* **Problem to solve**
Please restate, exactly as they appear, only the lines from the one that contains "クルクル回る風車に、クッキーくんも興味津々♪" to the final line of the entries, with no pictures.

※ ※ ※

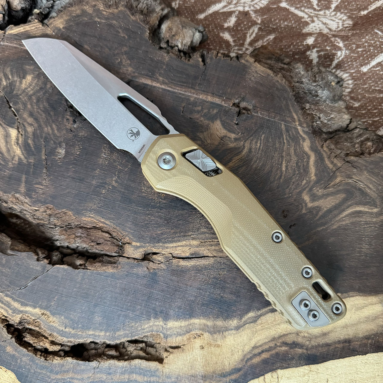 This model has a tan G-10 Handle. Stonewashed finished M390MK single edge blade. The tan G10 handle contains hardened steel liner plates, which gives the knife its rigidity. Complete with a titanium backspacer and reversible pocket clip for left-hand carry. Brand new in box.
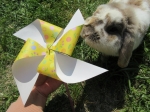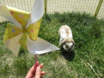 クルクル回る風車に、クッキーくんも興味津々♪
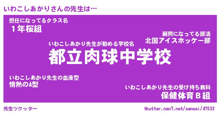 | ヘコむあだ名 | 『いわふぇ~』『つくし』『いわお』 |
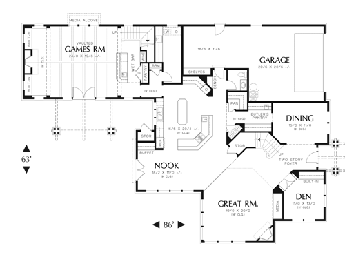 At the back of the plan, the games room is vaulted and features double doors to a patio, a media alcove and a fireplace with flanking built-in cabinets. A wet bar nearby allows easy entertaining.
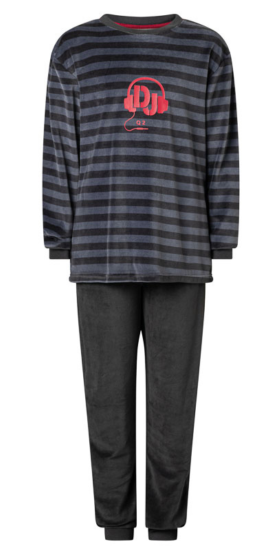 Lunatex Outfitter Manu velours jongenspyjama u heeft de keuze uit een jasje met grijze streepprint & broek in uni kleur grijs mt 128 t/m 152 of navy gestreept jasje met broek uni kleur navy, de maten 128 t/m 152.
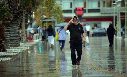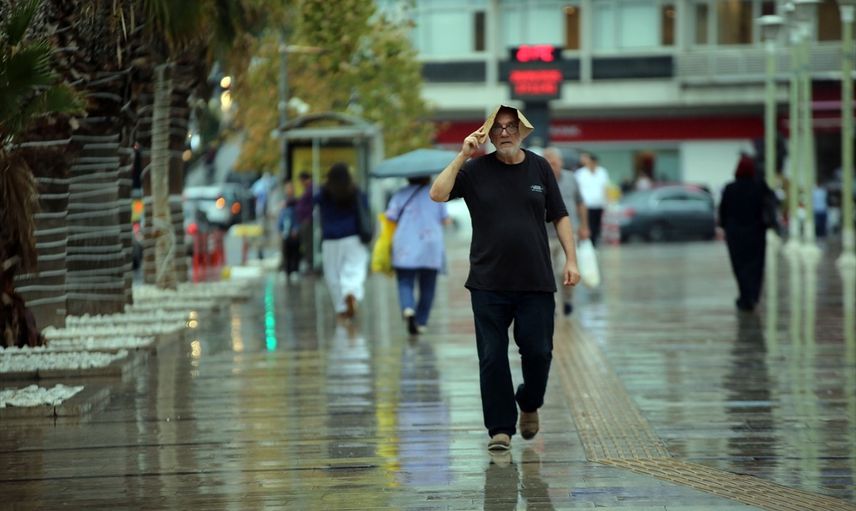 Aydın'da kurak geçen yaz mevsiminin ardından ilk yağmur damlaları toprakla buluştu. Sağanağa hazırlıklı olanlar şemsiyelerini açarken, hazırlıksız yakalananlar ise poşet ya da kartonla yağmurdan korundu.
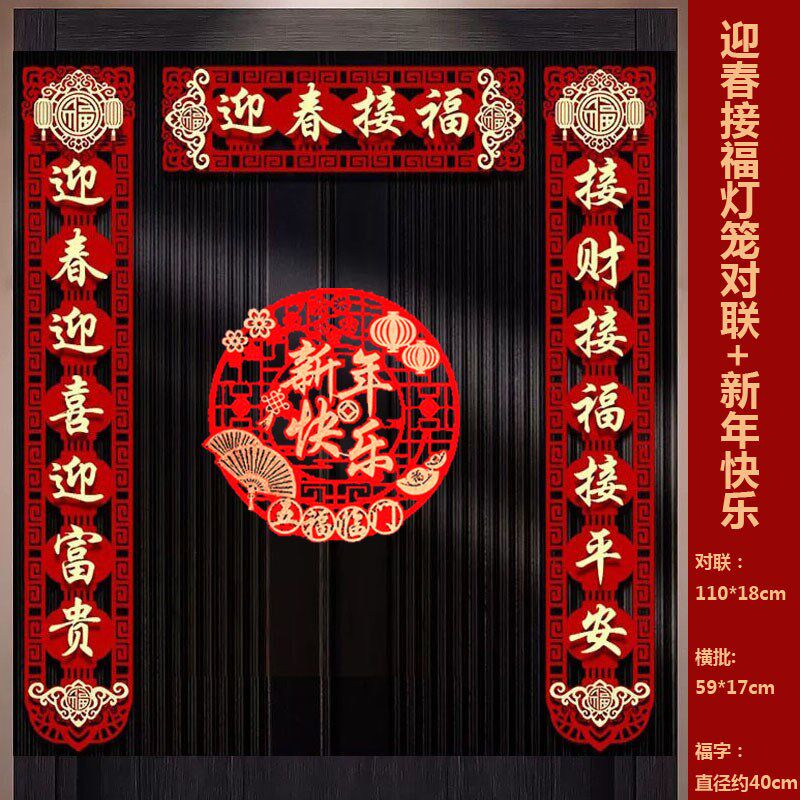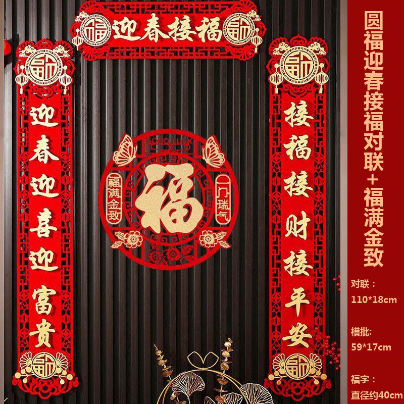 📚 2024龙年植绒春节新年对联春联布置入户门贴大门装饰绒布福字
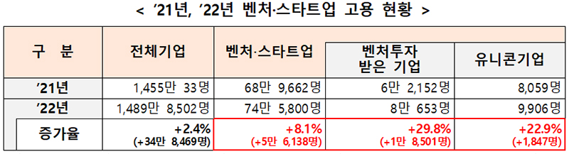 중소벤처기업부는 23일 이 같은 내용의 ‘2022년 벤처·스타트업 고용 동향’을 발표했다.
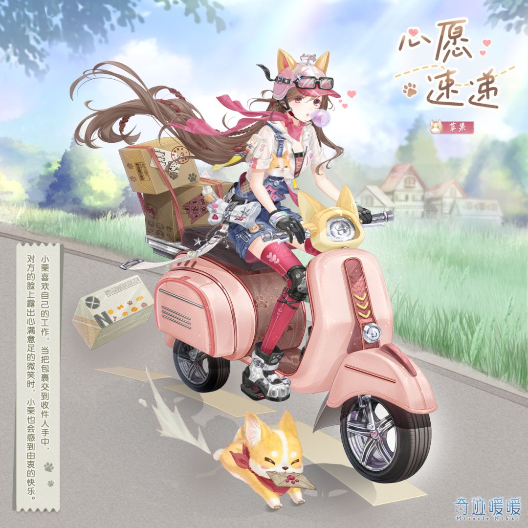 【心愿速递】含正常姿势与特殊姿势,精美面饰“粉红泡泡糖”,精美可移动摆件“飞驰小狗”、“迅风座驾”、“斑驳光阴”。海报展示妆容为“桃心之吻”。
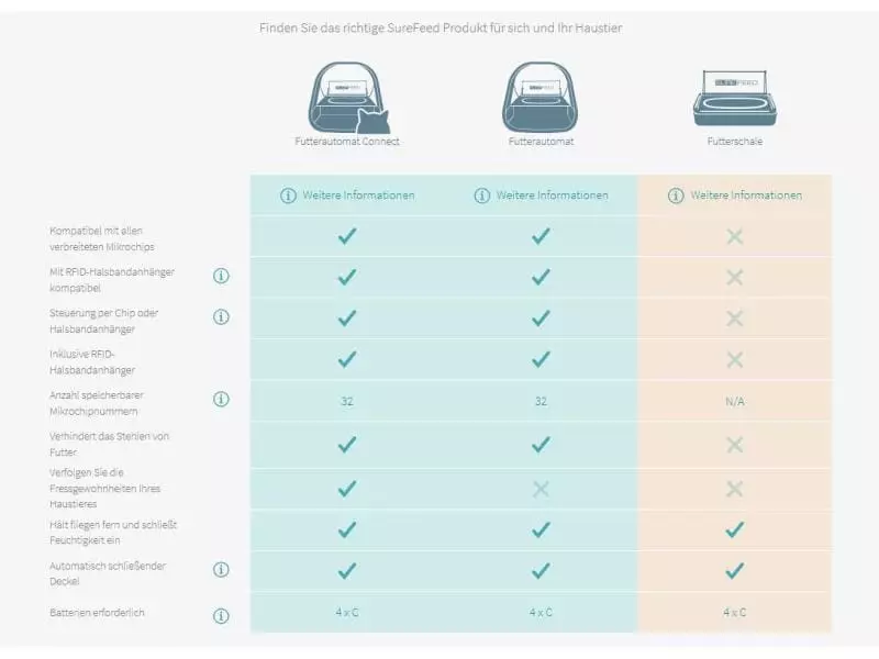 -größen voreingestellt werden können und Informationen zum Fressverhalten des Tieres in anschaulichen Abbildungen dokumentiert werden. Um die Sure Petcare App zu benutzen, muss der Futterautomat über den Hub (separat erhältlich) mit dem Router ans Internet gekoppelt werden.“

※ ※ ※

* **Output of the task**
 クルクル回る風車に、クッキーくんも興味津々♪
 | ヘコむあだ名 | 『いわふぇ~』『つくし』『いわお』 |
 At the back of the plan, the games room is vaulted and features double doors to a patio, a media alcove and a fireplace with flanking built-in cabinets. A wet bar nearby allows easy entertaining.
 Lunatex Outfitter Manu velours jongenspyjama u heeft de keuze uit een jasje met grijze streepprint & broek in uni kleur grijs mt 128 t/m 152 of navy gestreept jasje met broek uni kleur navy, de maten 128 t/m 152.
 Aydın'da kurak geçen yaz mevsiminin ardından ilk yağmur damlaları toprakla buluştu. Sağanağa hazırlıklı olanlar şemsiyelerini açarken, hazırlıksız yakalananlar ise poşet ya da kartonla yağmurdan korundu.
 📚 2024龙年植绒春节新年对联春联布置入户门贴大门装饰绒布福字
 중소벤처기업부는 23일 이 같은 내용의 ‘2022년 벤처·스타트업 고용 동향’을 발표했다.
 【心愿速递】含正常姿势与特殊姿势,精美面饰“粉红泡泡糖”,精美可移动摆件“飞驰小狗”、“迅风座驾”、“斑驳光阴”。海报展示妆容为“桃心之吻”。
 -größen voreingestellt werden können und Informationen zum Fressverhalten des Tieres in anschaulichen Abbildungen dokumentiert werden. Um die Sure Petcare App zu benutzen, muss der Futterautomat über den Hub (separat erhältlich) mit dem Router ans Internet gekoppelt werden.“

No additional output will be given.